Markov-Chain Monte-Carlo

The Markov-Chain-Monte-Carlo algorithm (MCMC) is closely related to active learning but candidate points are sampled from a distribution and either accepted or rejected according to their posterior probability rather than actively learned. Furthermore, MCMC focuses on finding the highest posterior distribution of the parameters in place of optimizing a loss function as in active learning.

Given observed data and a simulation model with certain (physical) parameters, an MCMC simulation estimates the best posterior distribution of these parameters.

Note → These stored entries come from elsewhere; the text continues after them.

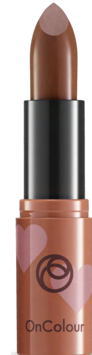
40914 - NSOC94127-19CO Chocolate Rust
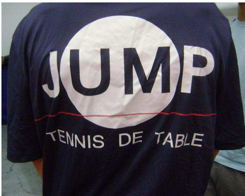
Le nouveau maillot officiel. Tout autre maillot notamment ceux « JUMP 15 Jazz Band » ne sont que ceux d'affreux usurpateurs...
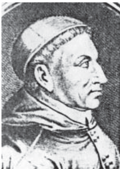
Кардинал Франсиско Хименес

ХИМЕНЕС (Ximénez, Jiménez) Франсиско, архиеп., кард. (1436–1517), исп. католич. церк. и государств. деятель. Учился в Саламанкском ун-те. В 1484 вступил в орден францисканцев. В 1492 был приближен ко двору и назначен духовником королевы Изабеллы Кас-
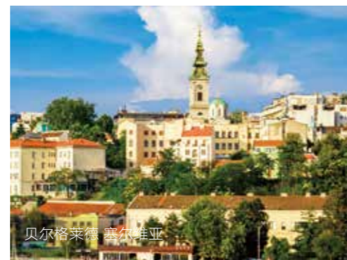
贝尔格莱德 塞尔维亚
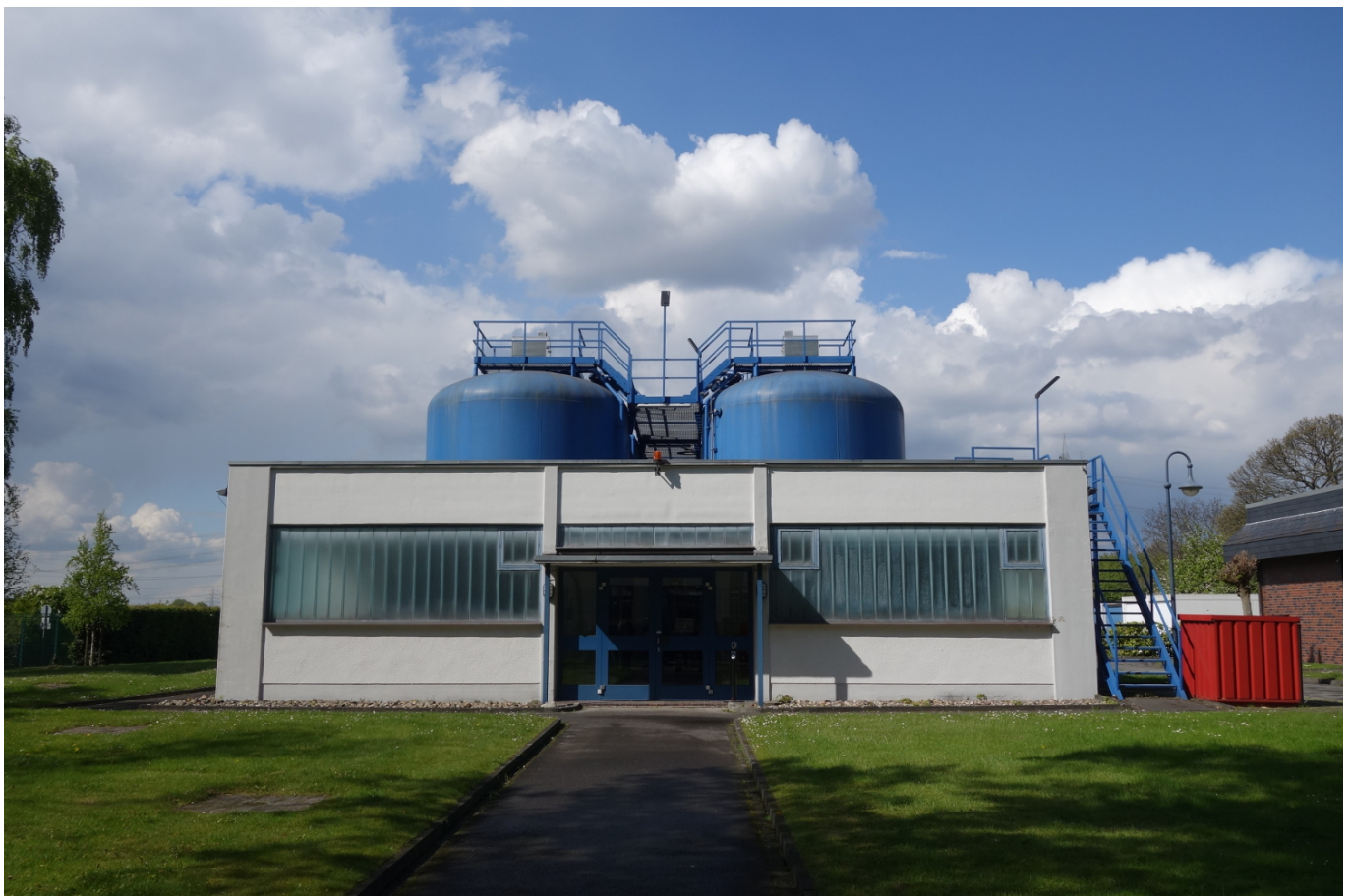
Das moderne Wasserwerk Bockum in Düsseldorf-Wittlaer

Das irrwitzige Wachstum, vor allem der Bevölkerung, brachte um 1910 herum das Problem der Wasserversorgung mit sich. Das damals einzige Wasserwerk an der Aakerfähre über die Ruhr zwischen Duisern und Meiderich konnte diese Versorgung allein nicht leisten. Also sahen sich die Stadtmütter und-väter nach einem Ort für ein zweites Wasserwerk um und fanden in Bockum, also knapp jenseits der Stadtgrenze, das geeignete Grundstück. Schon immer galt das Gebiet am Unterlauf der Anger als wasserreich, und so begann man 1912 mit für damalige Zeiten hochmodernen Maschinen das Grundwasser abzapfen und ins Duisburger Leitungsnetz einzuspeisen.
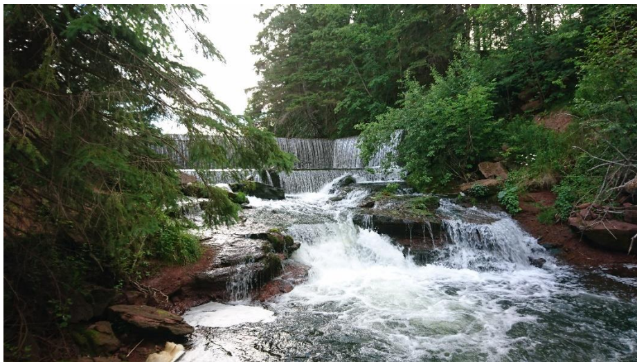
轟爸帶我去的秘境
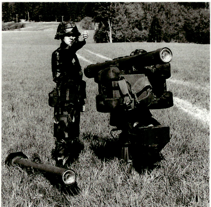
Eine Berufsarmee kommt für Schweden nicht in Frage. Bild: Flab-Lenkwassensystem RBS-70.

Tatsache ist, dass für Schweden in nächster Zeit eine Berufsarmee (politisch und finanziell) nicht in Frage kommt. Andererseits ist auch eine – politisch immer noch gültige – Umsetzung der allgemeinen Wehrpflicht aus finanziellen Gründen (Sparmassnahmen) kaum mehr machbar. Die derzeitige politische Maxime, dass alle Wehrpflichtigen einberufen und zumindest einer Kurzausbildung zugeführt werden sollen, findet zwar bei den Streitkräften Zustimmung, ist jedoch in der Umsetzung zu teuer. Demzufolge wäre eine selektive Einberufung, die auf die künftigen Bedürfnisse verringerter Mobstärken abgestimmt wird, eine logische Folge der jetzigen Situation. Untersucht wird in diesem Zusammenhang auch das dänische Modell, das vor allem die Freiwilligkeit bei der Einberufung zum Militärdienst fördert. hg
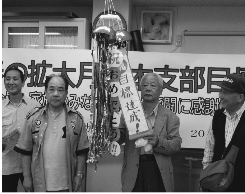
目標達成おめでとう!
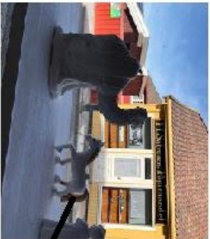
Hesten titter innom Salvesen og dromedaren.

The ingredients to an MCMC algorithm are the following:

Data
Observed (experimental) data. Which path is given in the configuration as parameter reference_data.
Model simulation
Usual simulation to model the observed data with parameter vector \(\theta\).
Sampling algorithm
Method, how next input points to the simulation are chosen. In proFit the Metropolis-Hastings algorithm is used.
Likelihood function
Function to compare candidate points with already sampled points. In proFit, a Gaussian likelihood is chosen.

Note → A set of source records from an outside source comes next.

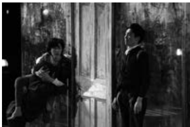
『三人姉妹』(2015)

そして今回、地点が選んだのは、イエリネクが1998年に発表した長大な戯曲『スポーツ劇』。大衆が熱狂するスポーツの今のあり様を戦争にも見立てて批判するイエリネクだが、エレクトラ、アキレウス、ヘクトールといったギリシャ悲劇の登場人物たちを舞台上に登場させ、膨大なテキストのコラージュあるいは断片的なモノローグが多層的に織りなす戯曲は、単なる社会批判に終わらない。音楽監督にはふたたび三輪眞弘を迎え、現代演劇の最前線において、政治とメディアに翻弄される21世紀のスポーツはいかに料理されるだろうか。
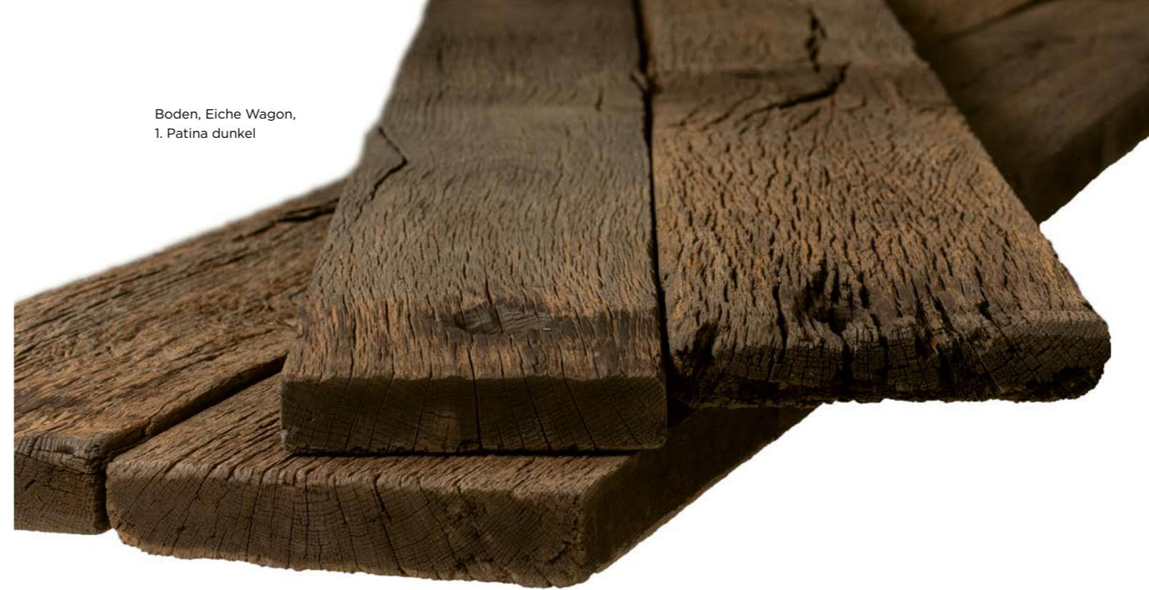
Boden, Eiche Wagon, 1. Patina dunkel
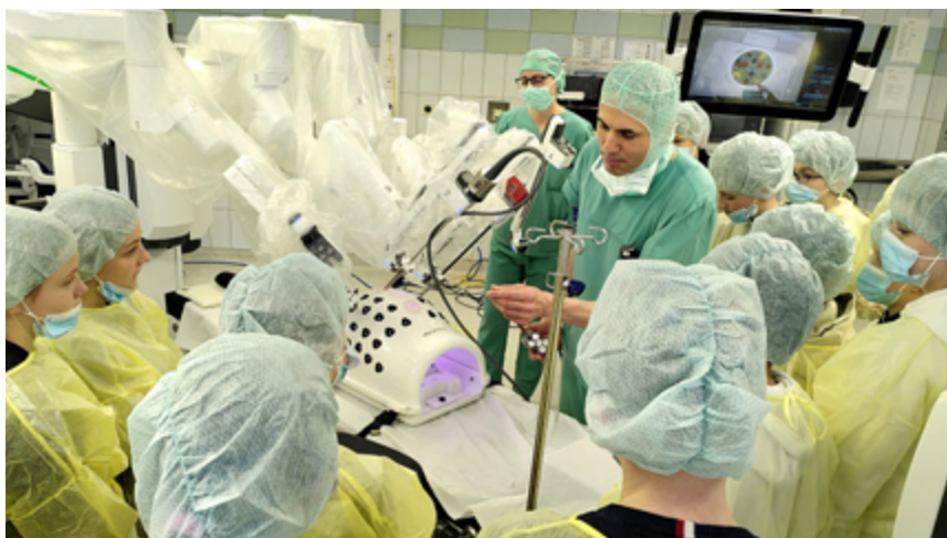
Mittendrin statt nur dabei: In Mönchengladbach konnten die jungen „Nachwuchs-Chirurgen“ ihre Fähigkeiten am OP-Roboter testen.

Der „Girls'Day“ und „Boys'Day“ ist auch etwas für Ihre Einrichtung? Weitere Informationen zur Teilnahme finden Sie unter:
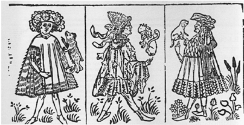
Şekil 7. Avrupa'da yüksek baskı tekniğiyle hazırlanmış oyun kâğıtları (1460'lar)

XIV. yüzyılın ana motifi Hz. İsa'nın hiddet ve kin dolu yüz ifadelerini yansıtan baskılar olmuştur. Baskılarda kaybolan incelik gözleri yorar. Avrupa'da, İtalya'da büyük formatlı basılı at ve mihrap resimleri kilise duvarlarında ve duvar süslemelerinde kullanılmıştır. Bunun yanında sayıca az da olsa dini olmayan resimler de üretilmiştir. Örneğin; oyun kartlarında, astrolojik tasarımlarda XIV. yüzyılda basılan baskılar genellikle yöresel karakterler taşımaktadır. Oyun kartları XIII. yüzyılda burjuva sınıfı tarafından çok benimsenmiştir. XIV. yüzyılda kâğıdın Avrupa'da yaygın bir şekilde kullanılmaya başlanılıp kâğıt maliyetlerinin düşmeye başlamasıyla birlikte oyun kartları en yoğun baskı seviyesine yükselmiştir. Bundan sonra burjuvanın yanı sıra orta gelirli halk arasında da hızla yayılan oyun kartlarının yapımı sonraki yıllarda yasaklanmış olmasına rağmen, Alman askerlerinin aracılığı ile oyun kartları, İtalya ve Fransa'da geniş halk kitlelerinin arasında hızla yayılmıştır. O dönemde yapılan kartların dekoratif özellikleri bugün az da olsa kullanılmaktadır (Akalan, 2000).
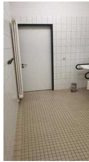
Badezimmer für Zimmer 7 und 8
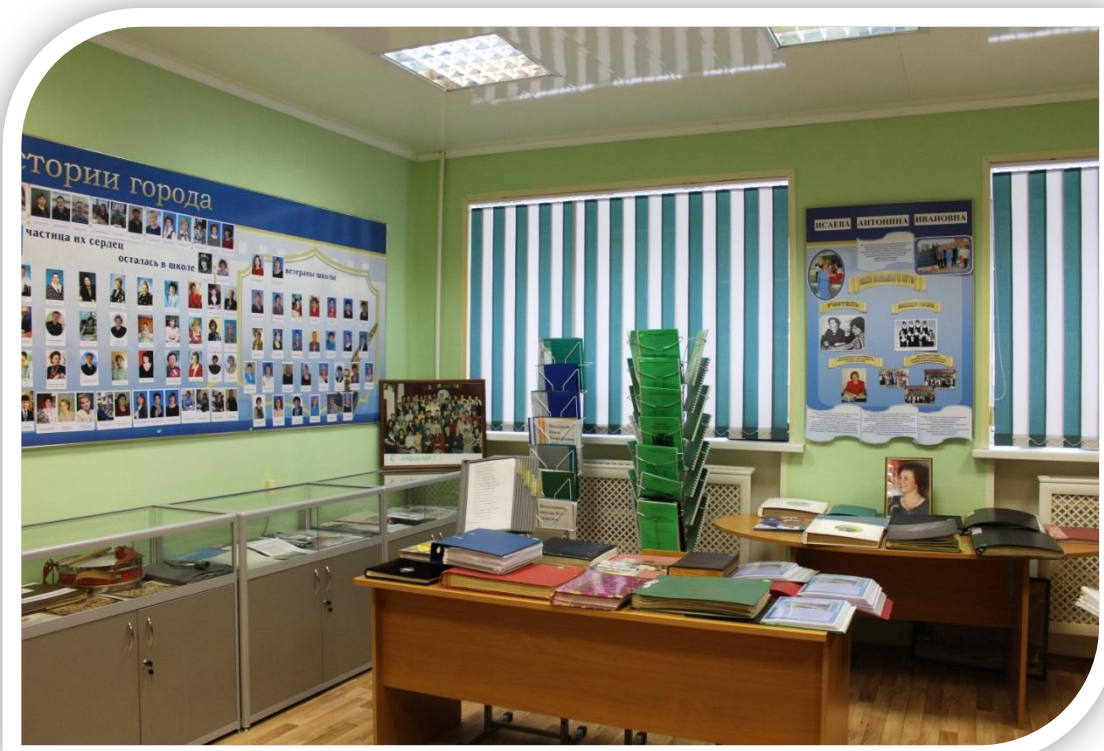
Панорама левой стены и центральной части музея.

As the initial MCMC point starts at a random position in search space, warmup cycles are necessary to reach the desired area of high posterior probabilities. A widely used target acceptance rate of accepted versus rejected points is the well known asymptotically optimal target acceptance rate of \(0.234\). This value has to be treated with caution, as there may be significantly better suited acceptance rates for a particular problem. The target acceptance rate can be adjusted in the configuration with the parameter target_acceptance_rate. Given a specific target acceptance rate, the step size of how far in some direction in parameter space the next point is chosen, is adapted throughout the warmup cycles. After all warmup cycles are complete, the warmup points are discarded and the actual MCMC run, which yields the final posterior distribution with uncertainties for the parameters, is executed. The config parameter last_percent specifies which fraction of the main MCMC run is used for calculating the mean and variance of the posterior distribution. This lasts normally until a convergence criterion is satisfied or the maximum number of MCMC runs is reached. The log-likelihoods of each step are saved to ./log_likelihohod.txt and the parameter’s final mean and standard deviation are saved to ./mcmc_stats.txt.

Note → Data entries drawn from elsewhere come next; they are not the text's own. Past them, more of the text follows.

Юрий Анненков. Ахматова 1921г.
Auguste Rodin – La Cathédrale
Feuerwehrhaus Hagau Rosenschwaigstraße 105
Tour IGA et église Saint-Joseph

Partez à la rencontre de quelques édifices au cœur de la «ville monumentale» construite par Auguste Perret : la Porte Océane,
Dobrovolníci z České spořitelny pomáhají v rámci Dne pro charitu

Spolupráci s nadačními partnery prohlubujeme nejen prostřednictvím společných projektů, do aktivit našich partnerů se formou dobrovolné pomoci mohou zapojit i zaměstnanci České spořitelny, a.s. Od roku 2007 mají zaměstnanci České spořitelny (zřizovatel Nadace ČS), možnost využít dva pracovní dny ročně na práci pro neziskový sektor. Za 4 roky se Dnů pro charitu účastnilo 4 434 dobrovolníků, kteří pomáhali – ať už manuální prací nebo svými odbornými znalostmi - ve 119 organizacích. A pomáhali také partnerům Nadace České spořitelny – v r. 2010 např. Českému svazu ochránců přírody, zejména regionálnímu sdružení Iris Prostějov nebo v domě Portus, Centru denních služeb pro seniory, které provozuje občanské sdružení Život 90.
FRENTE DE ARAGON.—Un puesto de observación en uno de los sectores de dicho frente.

A special feature of the proFit MCMC algorithm is delayed acceptance (DA), which uses a surrogate model of the loss function to estimate its expected minimum and can thus reject prospected MCMC points by the surrogate model, already before an (expensive) simulation run is started, which can reduce computation time. As of now, DA can be utilized only after the first warmup cycle. Before, points are accepted or rejected only by running the simulation. It is planned to use the SimpleAL active learning algorithm to also sample the first points intelligently. Delayed acceptance can be activated in the configuration by setting the parameter delayed_acceptance.

Results

Setting the parameter make_plot in the active_learning section plots the MCMC results for each warmup cycle and the main MCMC loop.

Examples

ntrain: 1000  # Total number of training points.
...
active_learning:
    nwarmup: 50  # Number of warmup points per cycle
    algorithm:
        class: mcmc
        reference_data: ./experimental_data.txt
        warmup_cycles: 5
        target_acceptance_rate: 0.35
        sigma_n: 0.05  # Estimated data noise (standard deviation)
        initial_points: [0.5, 1]  # Starting points for each dimension. If None, randomly chosen in search space.
        last_percent: 0.25  # Last points used to calculate mean and variance of posterior.
        save: ./mcmc_model.hdf5  # Save MCMC model path.
        delayed_acceptance: True  # Use delayed acceptance with surrogate specified in `fit` configuration.